## What is being asked
An exact copy of the listing is required, with its pictures removed.

## Recorded information
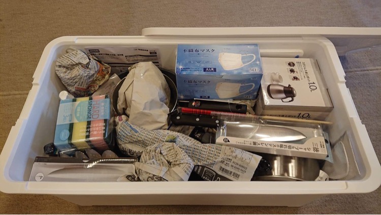 また、これからの生活がいつでも始められるようにとフライパンや包丁、まな板などなど24品目4人前分が入った『生活用品セット』を私も加入しています。
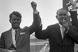 He entered the primaries starting with New Hampshire on March 10. There were no official candidates on the New Hampshire ballot, so both Kennedy and Johnson were write-in candidates.[18]Some Kennedy supporters organized a Kennedy-for-vice-president write-in campaign, which gave him almost 25,000 voted for vice president.[18] He had a four-to-one edge over Hubert Humphrey, his closest opponent.[19] Johnson won New Hampshire with almost 29,000 votes, and Kennedy issued a statement that evening saying that the choice of a vice-presidential candidate should be made by Democratic convention in August, guided by the wishes of President Johnson.[18] Shortly after the primary, Johnson began tossing out names of possible running mates. He initially considered Kennedy's relative Sargent Shriver, but eventually rejected the idea asserting that Shriver's presence on the ticket would still have raised questions about his capacity to win on his own.[20]
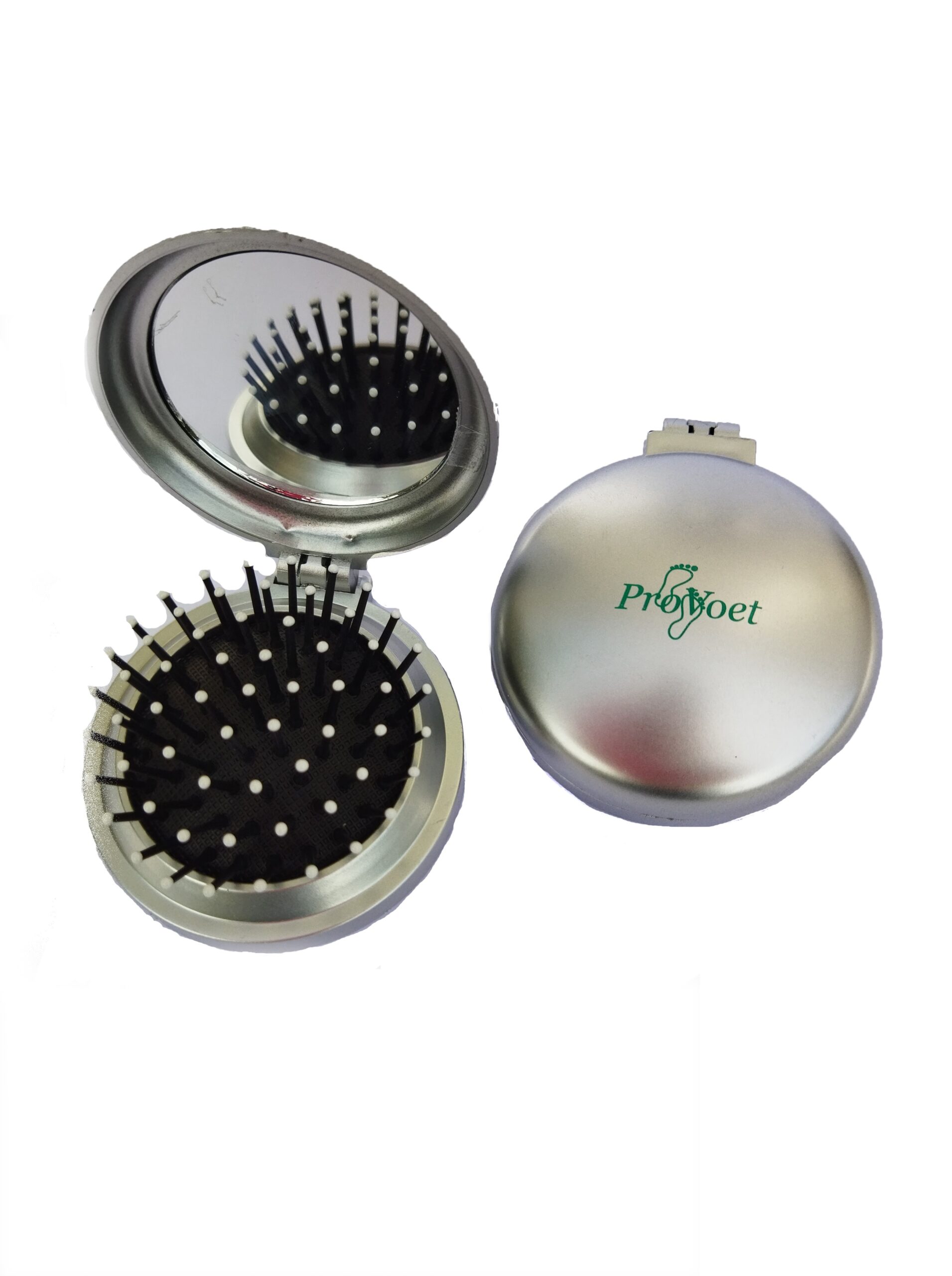 Deze inklapbare haarborstel met spiegel neem je handig mee in je tas zodat je onderweg altijd even je kapsel en make-up kunt bijwerken.
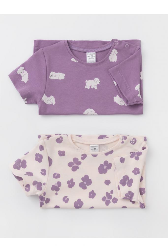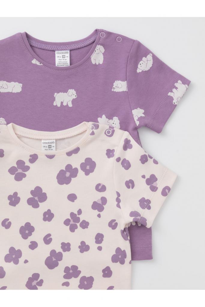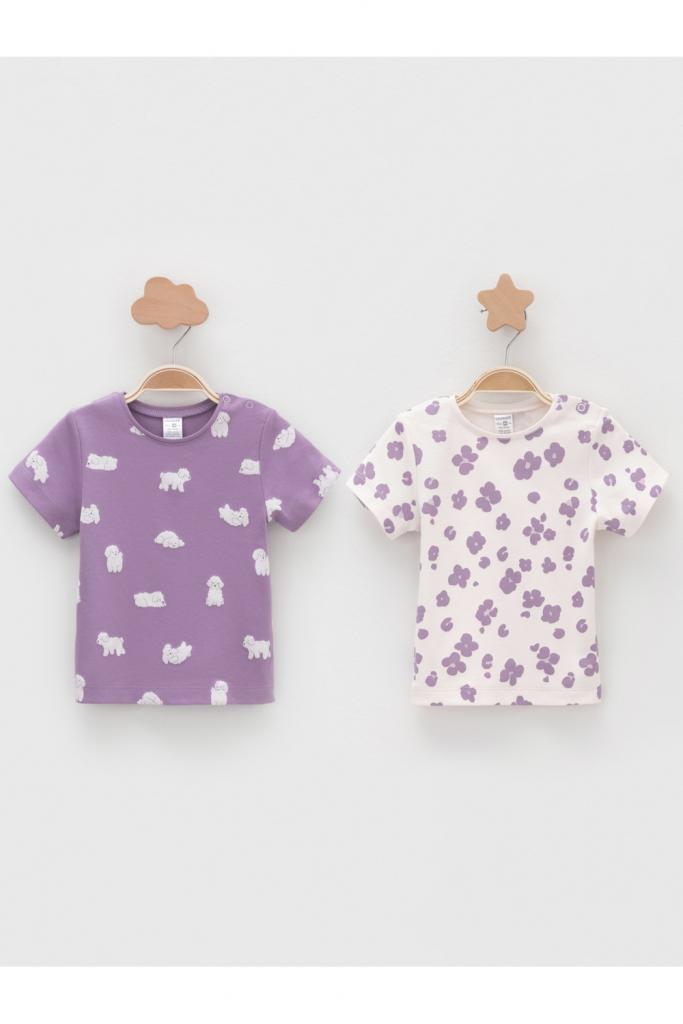 Футболки для девочки из высококачественного трикотажа интерлок. В упаковке 2 штуки. Для удобства на плече застёжка на кнопки. Оригинальная набивка выполнена из стойких гипоаллергенных текстильных красителей. Все трикотажные полотна производятся в соответствии с нормами швейцарского сертификата ЭкоТекс.

## Task output
 また、これからの生活がいつでも始められるようにとフライパンや包丁、まな板などなど24品目4人前分が入った『生活用品セット』を私も加入しています。
 He entered the primaries starting with New Hampshire on March 10. There were no official candidates on the New Hampshire ballot, so both Kennedy and Johnson were write-in candidates.[18]Some Kennedy supporters organized a Kennedy-for-vice-president write-in campaign, which gave him almost 25,000 voted for vice president.[18] He had a four-to-one edge over Hubert Humphrey, his closest opponent.[19] Johnson won New Hampshire with almost 29,000 votes, and Kennedy issued a statement that evening saying that the choice of a vice-presidential candidate should be made by Democratic convention in August, guided by the wishes of President Johnson.[18] Shortly after the primary, Johnson began tossing out names of possible running mates. He initially considered Kennedy's relative Sargent Shriver, but eventually rejected the idea asserting that Shriver's presence on the ticket would still have raised questions about his capacity to win on his own.[20]
 Deze inklapbare haarborstel met spiegel neem je handig mee in je tas zodat je onderweg altijd even je kapsel en make-up kunt bijwerken.
 Футболки для девочки из высококачественного трикотажа интерлок. В упаковке 2 штуки. Для удобства на плече застёжка на кнопки. Оригинальная набивка выполнена из стойких гипоаллергенных текстильных красителей. Все трикотажные полотна производятся в соответствии с нормами швейцарского сертификата ЭкоТекс.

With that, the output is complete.